Quote, with no changes, the lines that run from the top of the material to the line with "Four fascinating minutes", both included.
BEGIN Stored data
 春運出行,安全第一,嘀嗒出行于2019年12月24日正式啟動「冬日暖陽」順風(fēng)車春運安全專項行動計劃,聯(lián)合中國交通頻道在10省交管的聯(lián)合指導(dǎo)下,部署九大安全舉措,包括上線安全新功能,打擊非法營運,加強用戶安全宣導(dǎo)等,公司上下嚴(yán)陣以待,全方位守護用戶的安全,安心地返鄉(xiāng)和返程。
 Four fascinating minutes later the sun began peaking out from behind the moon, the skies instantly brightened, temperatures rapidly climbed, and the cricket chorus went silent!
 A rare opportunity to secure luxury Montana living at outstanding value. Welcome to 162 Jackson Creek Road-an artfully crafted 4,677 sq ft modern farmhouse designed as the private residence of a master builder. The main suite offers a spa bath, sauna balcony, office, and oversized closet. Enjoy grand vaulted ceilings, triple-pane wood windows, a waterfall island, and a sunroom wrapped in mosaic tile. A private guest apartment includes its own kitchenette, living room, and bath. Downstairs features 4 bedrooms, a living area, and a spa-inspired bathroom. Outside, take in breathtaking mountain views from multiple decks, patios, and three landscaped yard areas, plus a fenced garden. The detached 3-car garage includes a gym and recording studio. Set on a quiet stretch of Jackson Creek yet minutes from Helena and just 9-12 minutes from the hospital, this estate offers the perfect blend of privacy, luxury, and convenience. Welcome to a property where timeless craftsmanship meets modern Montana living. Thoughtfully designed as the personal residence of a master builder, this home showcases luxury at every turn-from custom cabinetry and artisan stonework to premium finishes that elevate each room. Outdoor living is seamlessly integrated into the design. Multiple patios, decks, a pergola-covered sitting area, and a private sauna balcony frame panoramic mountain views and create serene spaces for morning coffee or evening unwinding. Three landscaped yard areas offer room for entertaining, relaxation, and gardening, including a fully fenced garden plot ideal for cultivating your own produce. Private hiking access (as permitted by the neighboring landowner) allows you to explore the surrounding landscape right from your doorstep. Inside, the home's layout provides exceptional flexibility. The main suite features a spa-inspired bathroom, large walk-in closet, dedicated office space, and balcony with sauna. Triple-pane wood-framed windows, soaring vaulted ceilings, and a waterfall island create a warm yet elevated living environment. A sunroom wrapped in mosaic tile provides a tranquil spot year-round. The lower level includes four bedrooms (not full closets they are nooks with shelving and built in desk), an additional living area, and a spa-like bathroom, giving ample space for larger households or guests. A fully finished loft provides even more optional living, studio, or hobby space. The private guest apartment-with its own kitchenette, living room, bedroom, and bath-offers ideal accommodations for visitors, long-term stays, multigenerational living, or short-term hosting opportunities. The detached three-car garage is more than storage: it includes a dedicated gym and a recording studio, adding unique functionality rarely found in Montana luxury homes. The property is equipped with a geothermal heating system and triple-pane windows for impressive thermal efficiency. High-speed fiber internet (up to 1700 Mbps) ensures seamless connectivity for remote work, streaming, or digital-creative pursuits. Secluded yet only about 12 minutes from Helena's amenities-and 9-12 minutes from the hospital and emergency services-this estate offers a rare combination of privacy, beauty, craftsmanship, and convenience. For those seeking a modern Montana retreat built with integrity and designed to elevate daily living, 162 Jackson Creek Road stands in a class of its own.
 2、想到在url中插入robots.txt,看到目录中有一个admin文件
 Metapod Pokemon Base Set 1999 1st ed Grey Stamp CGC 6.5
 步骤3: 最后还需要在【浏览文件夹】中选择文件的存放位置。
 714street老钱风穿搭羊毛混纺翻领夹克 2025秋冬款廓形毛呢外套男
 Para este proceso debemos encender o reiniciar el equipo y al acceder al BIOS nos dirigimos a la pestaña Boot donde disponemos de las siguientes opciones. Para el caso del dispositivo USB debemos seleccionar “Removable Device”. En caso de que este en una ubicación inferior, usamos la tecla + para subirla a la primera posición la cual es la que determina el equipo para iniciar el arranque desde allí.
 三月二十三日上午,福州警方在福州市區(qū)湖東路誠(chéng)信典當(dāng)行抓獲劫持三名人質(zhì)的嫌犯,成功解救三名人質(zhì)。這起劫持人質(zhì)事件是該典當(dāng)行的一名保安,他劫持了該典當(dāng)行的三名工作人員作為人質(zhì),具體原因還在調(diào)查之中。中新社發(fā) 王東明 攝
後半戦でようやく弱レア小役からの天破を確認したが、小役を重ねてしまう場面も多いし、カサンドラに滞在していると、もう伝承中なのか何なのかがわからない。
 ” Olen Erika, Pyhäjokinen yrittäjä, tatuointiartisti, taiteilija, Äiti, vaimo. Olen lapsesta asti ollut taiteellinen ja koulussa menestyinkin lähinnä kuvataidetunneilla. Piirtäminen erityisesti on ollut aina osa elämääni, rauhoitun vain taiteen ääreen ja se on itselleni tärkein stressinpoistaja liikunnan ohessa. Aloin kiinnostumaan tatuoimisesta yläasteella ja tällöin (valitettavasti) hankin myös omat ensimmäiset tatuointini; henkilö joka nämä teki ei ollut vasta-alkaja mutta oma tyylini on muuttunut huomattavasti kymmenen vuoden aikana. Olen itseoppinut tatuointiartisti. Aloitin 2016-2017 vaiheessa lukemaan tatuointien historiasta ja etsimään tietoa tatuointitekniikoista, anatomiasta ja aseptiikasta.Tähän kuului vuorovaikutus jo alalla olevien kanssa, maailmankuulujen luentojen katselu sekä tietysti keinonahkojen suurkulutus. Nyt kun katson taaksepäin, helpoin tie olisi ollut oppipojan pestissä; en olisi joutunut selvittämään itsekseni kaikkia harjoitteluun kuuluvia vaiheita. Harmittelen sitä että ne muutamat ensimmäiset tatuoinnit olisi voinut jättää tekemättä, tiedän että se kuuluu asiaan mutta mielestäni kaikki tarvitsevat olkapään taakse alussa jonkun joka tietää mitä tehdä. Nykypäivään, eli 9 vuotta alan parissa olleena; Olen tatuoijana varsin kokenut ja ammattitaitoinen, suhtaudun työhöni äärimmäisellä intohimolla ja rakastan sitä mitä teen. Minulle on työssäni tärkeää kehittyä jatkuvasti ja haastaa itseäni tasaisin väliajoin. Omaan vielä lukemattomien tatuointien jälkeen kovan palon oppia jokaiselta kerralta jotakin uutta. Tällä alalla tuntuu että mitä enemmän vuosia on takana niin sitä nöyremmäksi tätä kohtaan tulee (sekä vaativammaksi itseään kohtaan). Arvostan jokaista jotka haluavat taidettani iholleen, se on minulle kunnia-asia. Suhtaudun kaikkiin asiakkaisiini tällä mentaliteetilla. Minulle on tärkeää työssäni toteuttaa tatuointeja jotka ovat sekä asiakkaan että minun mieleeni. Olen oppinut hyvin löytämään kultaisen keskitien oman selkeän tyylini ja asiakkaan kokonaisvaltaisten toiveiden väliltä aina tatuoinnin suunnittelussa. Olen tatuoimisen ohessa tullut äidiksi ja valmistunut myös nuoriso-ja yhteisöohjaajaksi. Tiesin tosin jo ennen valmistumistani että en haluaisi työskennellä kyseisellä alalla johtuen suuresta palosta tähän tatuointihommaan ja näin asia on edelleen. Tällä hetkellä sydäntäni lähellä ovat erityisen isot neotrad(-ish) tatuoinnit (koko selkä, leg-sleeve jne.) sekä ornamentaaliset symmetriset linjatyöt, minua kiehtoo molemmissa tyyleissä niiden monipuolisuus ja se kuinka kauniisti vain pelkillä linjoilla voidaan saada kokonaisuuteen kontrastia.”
END Stored data
-- Response to the task --
 春運出行,安全第一,嘀嗒出行于2019年12月24日正式啟動「冬日暖陽」順風(fēng)車春運安全專項行動計劃,聯(lián)合中國交通頻道在10省交管的聯(lián)合指導(dǎo)下,部署九大安全舉措,包括上線安全新功能,打擊非法營運,加強用戶安全宣導(dǎo)等,公司上下嚴(yán)陣以待,全方位守護用戶的安全,安心地返鄉(xiāng)和返程。
 Four fascinating minutes later the sun began peaking out from behind the moon, the skies instantly brightened, temperatures rapidly climbed, and the cricket chorus went silent!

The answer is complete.